> Description of the task
Every entry below has to appear again in your reply, word for word, but no picture may.
──────────────────────────────
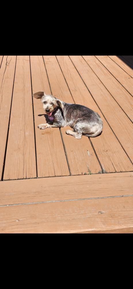 Pet Description:Small old dog. She usually has her tongue sticking out of her mouth. |
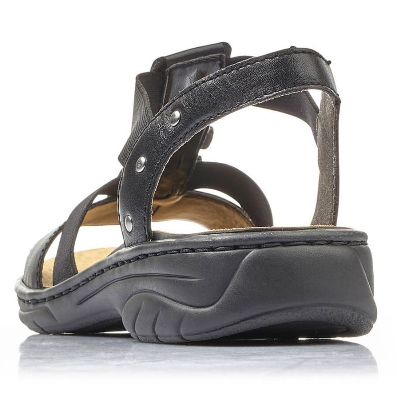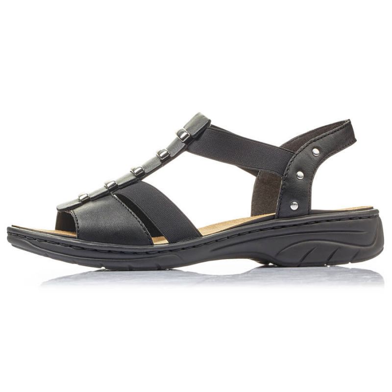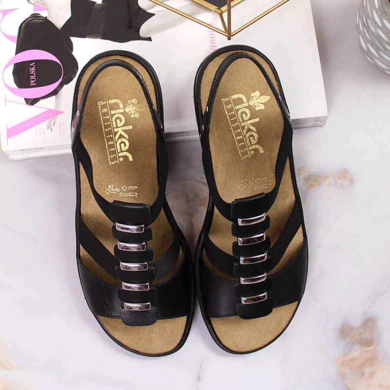 Sandały skórzane damskie rzymianki czarne Rieker 64580
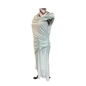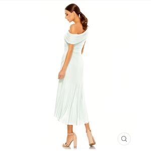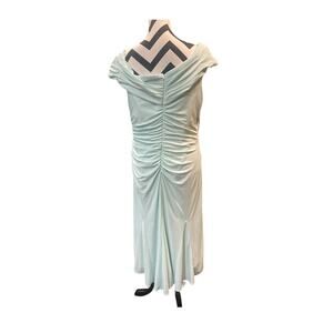 MaC Duggal by Ieena RUCHED OFF-THE-SHOULDER MIDI DRESS Light Blue SZ.14
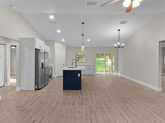 This beautiful MOVE-IN READY new construction home has all the features and finishes you're looking for in an affordable quality home. Come take a look at the large OPEN CONCEPT entertaining area featuring VAULTED CEILINGS, where the living/dining/kitchen areas combine. Notice the Luxury Vinyl throughout, ceiling fans in all the bedrooms, living room, and COVERED REAR LANAI, and QUARTZ COUNTERTOP in the kitchen and baths. The kitchen is equipped with Samsung stainless steel appliances, and a WALK-IN CORNER PANTRY. With it's SPLIT BEDROOM floor plan, the primary bedroom is through a doorway on the right side of the living area, and features a TRAY CEILING, WALK-IN CLOSET, and ENSUITE BATHROOM. This bathroom has DUAL SINKS, a SUNKEN TILED SHOWER, and a SEPARATE TOILET ROOM. The indoor laundry occupies the space between the primary bedroom door and the door to the garage. Moving to the other side of the house, you will find 2 bedrooms of a good size, with the guest bathroom between them. Access to the lanai and back yard is through the sliding doors located on the back wall of the home in the dining area. Call today to schedule a showing on this home, and you'll want to make it yours!
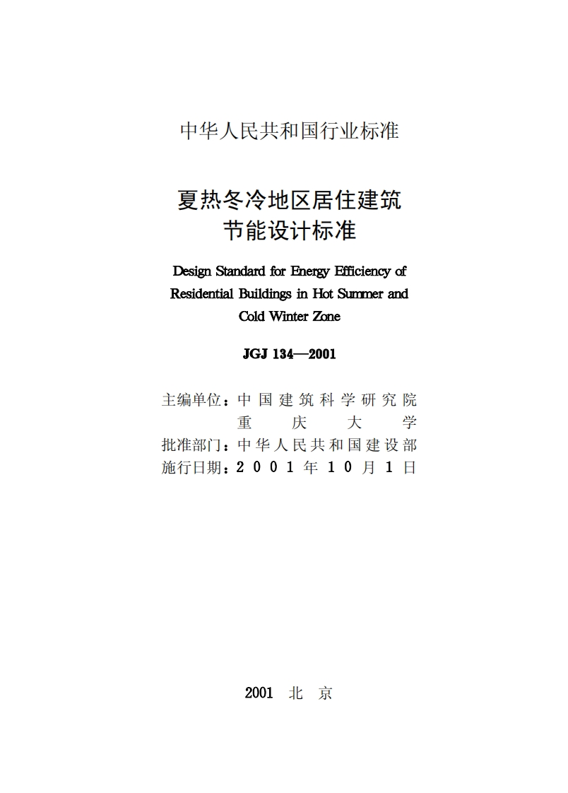 JGJ134-2001夏热冬冷地区居住建筑节能设计标准348072@abc4个月前发布关注私信0.73MB19页041JGJ134-2001夏热冬冷地区居住建筑节能设计标准此内容为付费资源,请付费后查看¥16¥23黄金会员免费钻石会员免费立即购买您当前未登录!建议登陆后购买,可保存购买订单付费资源 第1页 / 共19页 第2页 / 共19页 试读已结束,还剩17页,您可下载完整版后进行离线阅读 THE END标准规范 文本预览 中华人民共和国行业标准夏热冬冷地区居住建筑节能设计标准Design Standard for Energy Efficiency ofResidential Buildings in Hot Summer andCold Winter ZoneJGJ134-2001J116-20012001北京 查看更多 收起部分 喜欢就支持一下吧收藏
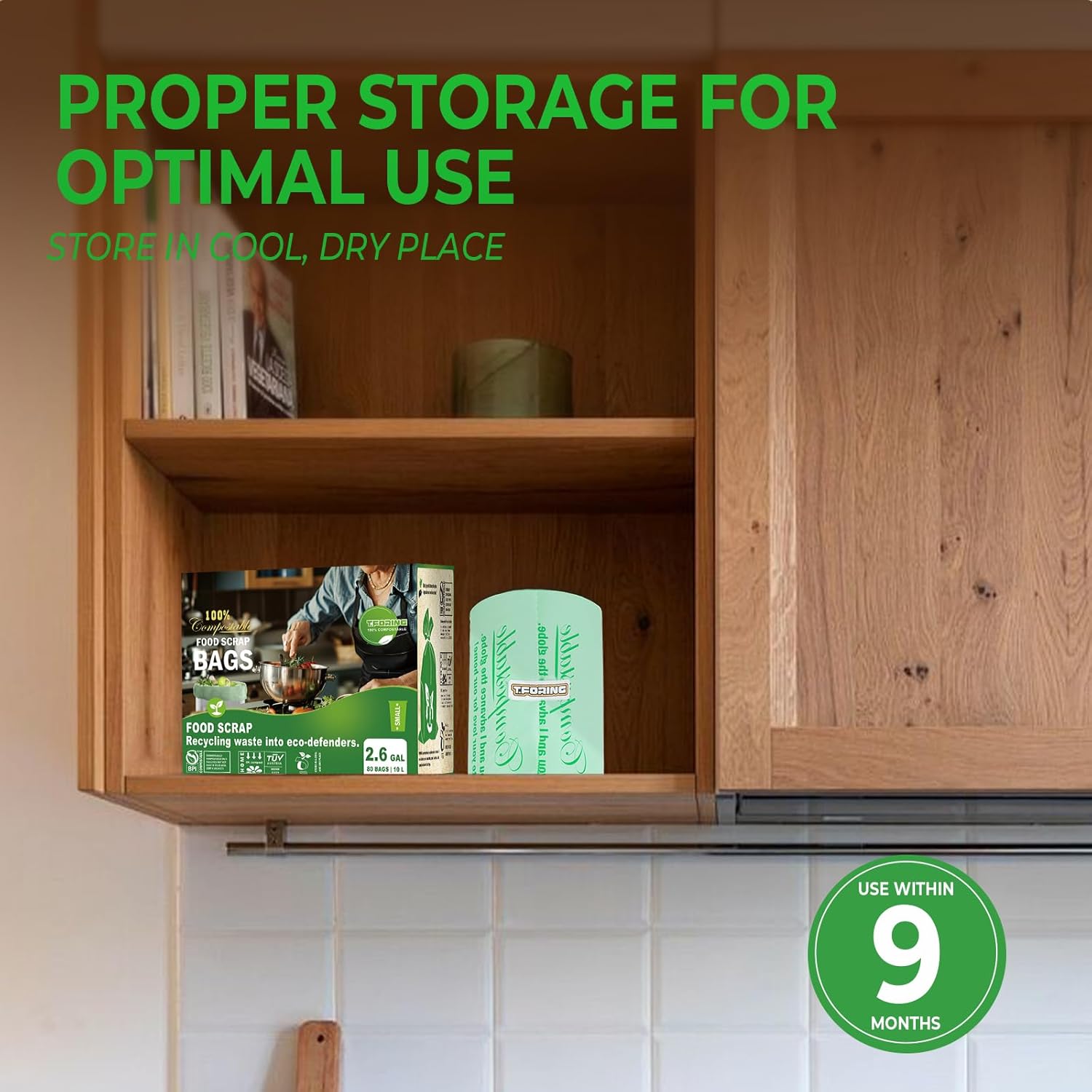 Small Compost Bags 2.6 Gallon - 80 Count 0.8 Mil Thick Compostable Trash Bags for Countertop Bin, ASTM D6400, US BPI, CMA and Europe OK compost HOME Certified
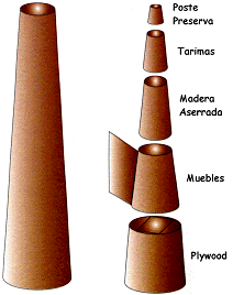 Figura 4. Esquema de utilización de los árboles de melina provenientes de plantaciones forestales en Costa Rica
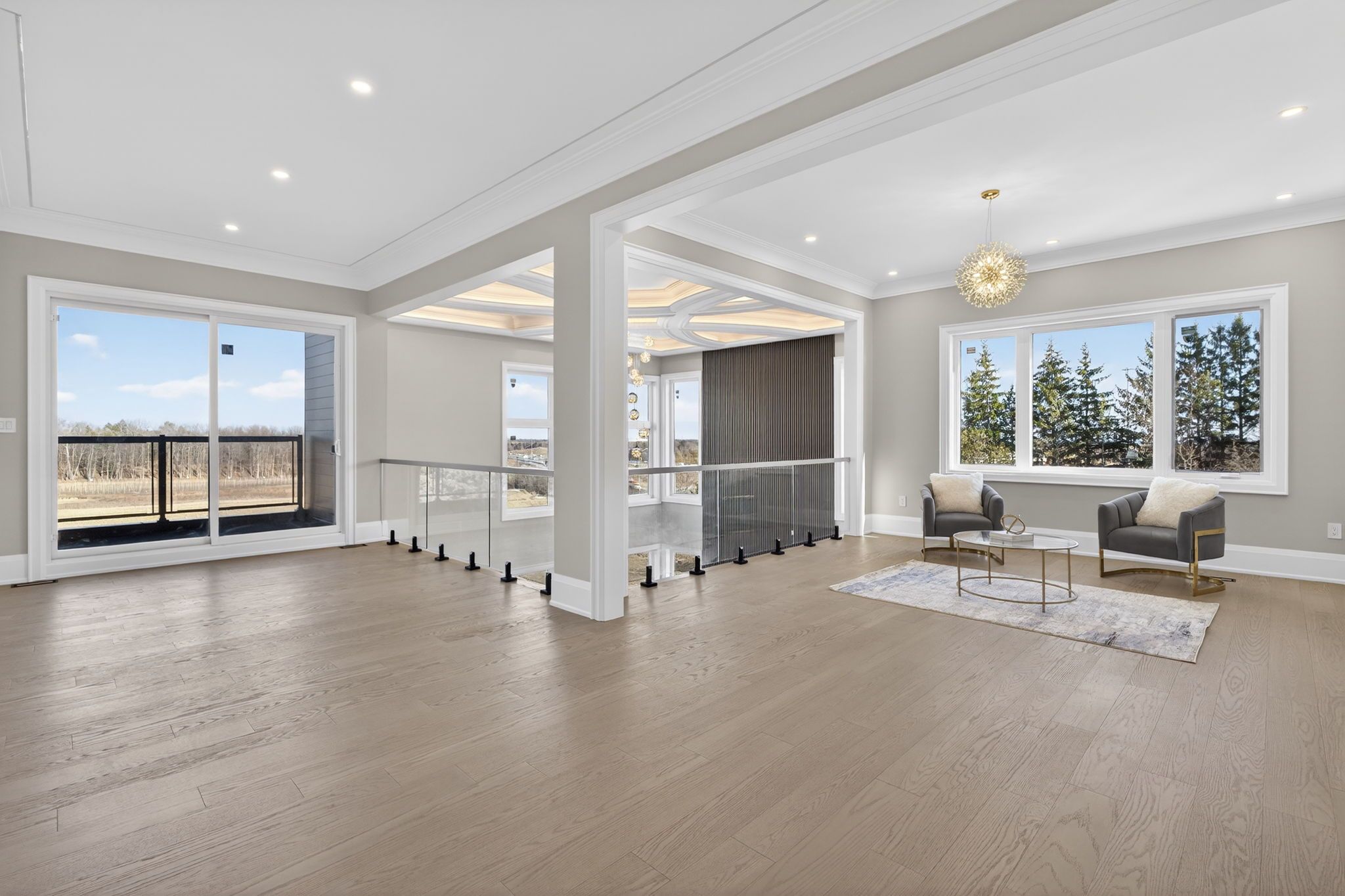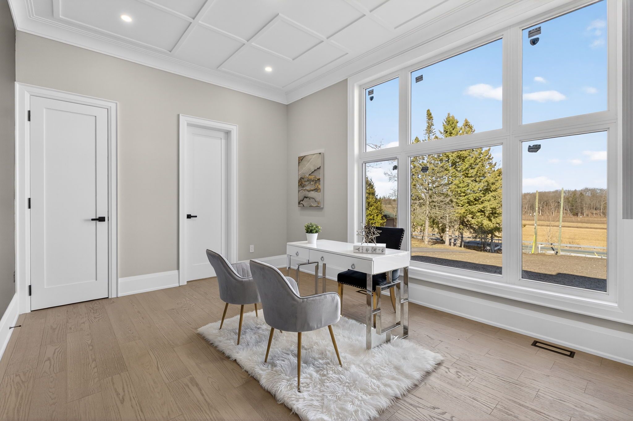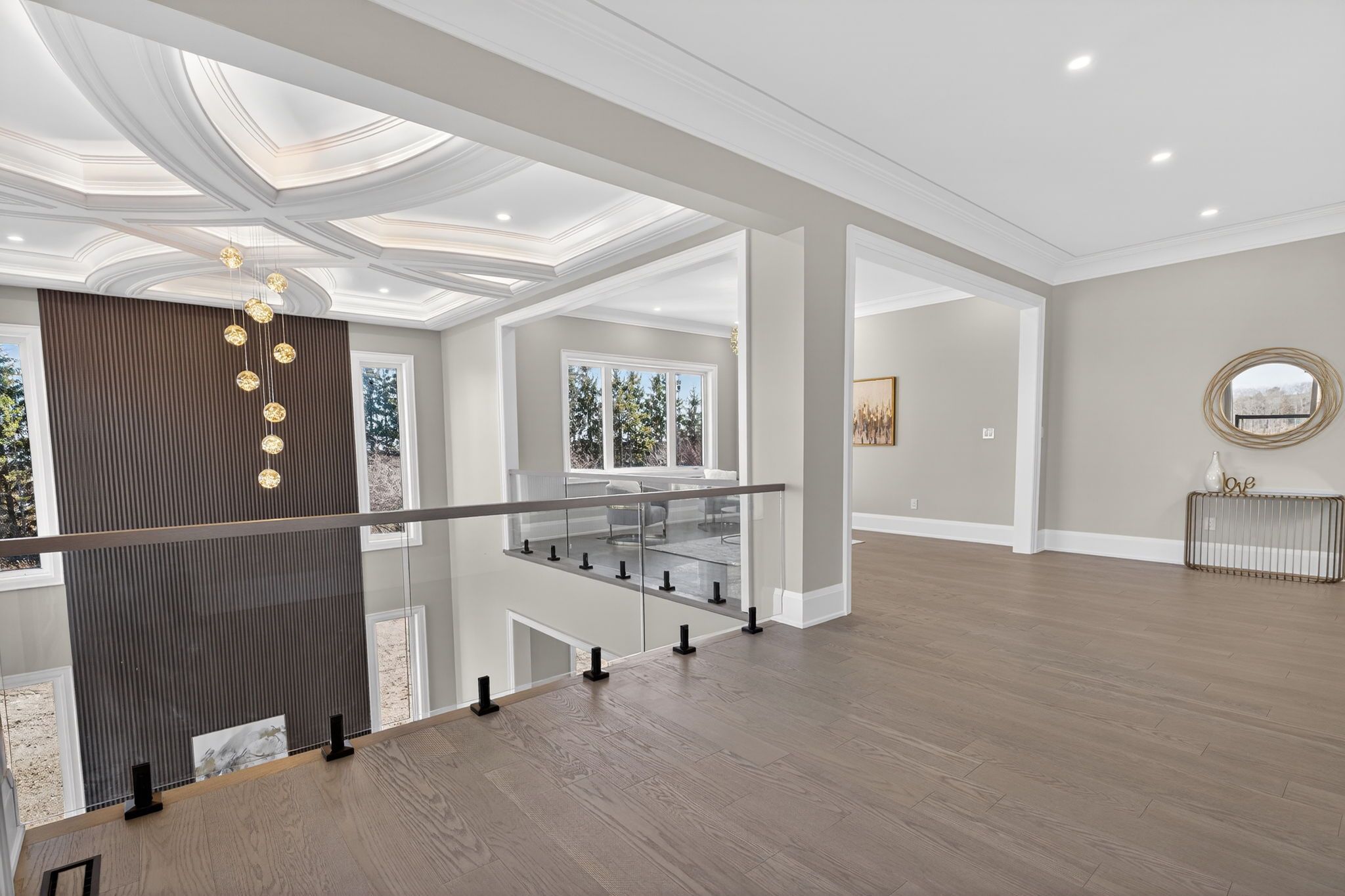 Brand new custom-built luxury estate on premium 2. 25-acre east-facing lot! Approx. 8,500 sq ft of finished living space. Featuring 4+1 bedrooms and 8bathrooms with exceptional craftsmanship and high-end finishes throughout. Main floor offers 12-ft ceilings and grand open-concept layout with stunning24-ft coffered ceiling in living room. Gourmet kitchen with premium appliances and modern finishes open to spacious family room with fireplace and backyard views. Main floor office or bedroom with ensuite. Second floor boasts 10-ft ceilings. Luxurious primary suite with private balcony, 6-piece spa-like ensuite and custom walk-in closet. All additional bedrooms feature ensuites and walk-in closets. Includes sitting area, walkout balcony and second-floor laundry. Fully finished basement with 10-ft ceilings featuring bar, media room, gym and additional bedroom with ensuite. Upgrades include heated floors in all bathrooms, spray foam insulation on exterior walls and modern flat roof design. 3-car garage with extra-height doors and extended driveway accommodating 15-20 vehicles. Conveniently located near hwy 407/412 and golf courses. Must see.....
──────────────────────────────
> Exercise solution
 Pet Description:Small old dog. She usually has her tongue sticking out of her mouth. |
 Sandały skórzane damskie rzymianki czarne Rieker 64580
 MaC Duggal by Ieena RUCHED OFF-THE-SHOULDER MIDI DRESS Light Blue SZ.14
 This beautiful MOVE-IN READY new construction home has all the features and finishes you're looking for in an affordable quality home. Come take a look at the large OPEN CONCEPT entertaining area featuring VAULTED CEILINGS, where the living/dining/kitchen areas combine. Notice the Luxury Vinyl throughout, ceiling fans in all the bedrooms, living room, and COVERED REAR LANAI, and QUARTZ COUNTERTOP in the kitchen and baths. The kitchen is equipped with Samsung stainless steel appliances, and a WALK-IN CORNER PANTRY. With it's SPLIT BEDROOM floor plan, the primary bedroom is through a doorway on the right side of the living area, and features a TRAY CEILING, WALK-IN CLOSET, and ENSUITE BATHROOM. This bathroom has DUAL SINKS, a SUNKEN TILED SHOWER, and a SEPARATE TOILET ROOM. The indoor laundry occupies the space between the primary bedroom door and the door to the garage. Moving to the other side of the house, you will find 2 bedrooms of a good size, with the guest bathroom between them. Access to the lanai and back yard is through the sliding doors located on the back wall of the home in the dining area. Call today to schedule a showing on this home, and you'll want to make it yours!
 JGJ134-2001夏热冬冷地区居住建筑节能设计标准348072@abc4个月前发布关注私信0.73MB19页041JGJ134-2001夏热冬冷地区居住建筑节能设计标准此内容为付费资源,请付费后查看¥16¥23黄金会员免费钻石会员免费立即购买您当前未登录!建议登陆后购买,可保存购买订单付费资源 第1页 / 共19页 第2页 / 共19页 试读已结束,还剩17页,您可下载完整版后进行离线阅读 THE END标准规范 文本预览 中华人民共和国行业标准夏热冬冷地区居住建筑节能设计标准Design Standard for Energy Efficiency ofResidential Buildings in Hot Summer andCold Winter ZoneJGJ134-2001J116-20012001北京 查看更多 收起部分 喜欢就支持一下吧收藏
 Small Compost Bags 2.6 Gallon - 80 Count 0.8 Mil Thick Compostable Trash Bags for Countertop Bin, ASTM D6400, US BPI, CMA and Europe OK compost HOME Certified
 Figura 4. Esquema de utilización de los árboles de melina provenientes de plantaciones forestales en Costa Rica
 Brand new custom-built luxury estate on premium 2. 25-acre east-facing lot! Approx. 8,500 sq ft of finished living space. Featuring 4+1 bedrooms and 8bathrooms with exceptional craftsmanship and high-end finishes throughout. Main floor offers 12-ft ceilings and grand open-concept layout with stunning24-ft coffered ceiling in living room. Gourmet kitchen with premium appliances and modern finishes open to spacious family room with fireplace and backyard views. Main floor office or bedroom with ensuite. Second floor boasts 10-ft ceilings. Luxurious primary suite with private balcony, 6-piece spa-like ensuite and custom walk-in closet. All additional bedrooms feature ensuites and walk-in closets. Includes sitting area, walkout balcony and second-floor laundry. Fully finished basement with 10-ft ceilings featuring bar, media room, gym and additional bedroom with ensuite. Upgrades include heated floors in all bathrooms, spray foam insulation on exterior walls and modern flat roof design. 3-car garage with extra-height doors and extended driveway accommodating 15-20 vehicles. Conveniently located near hwy 407/412 and golf courses. Must see.....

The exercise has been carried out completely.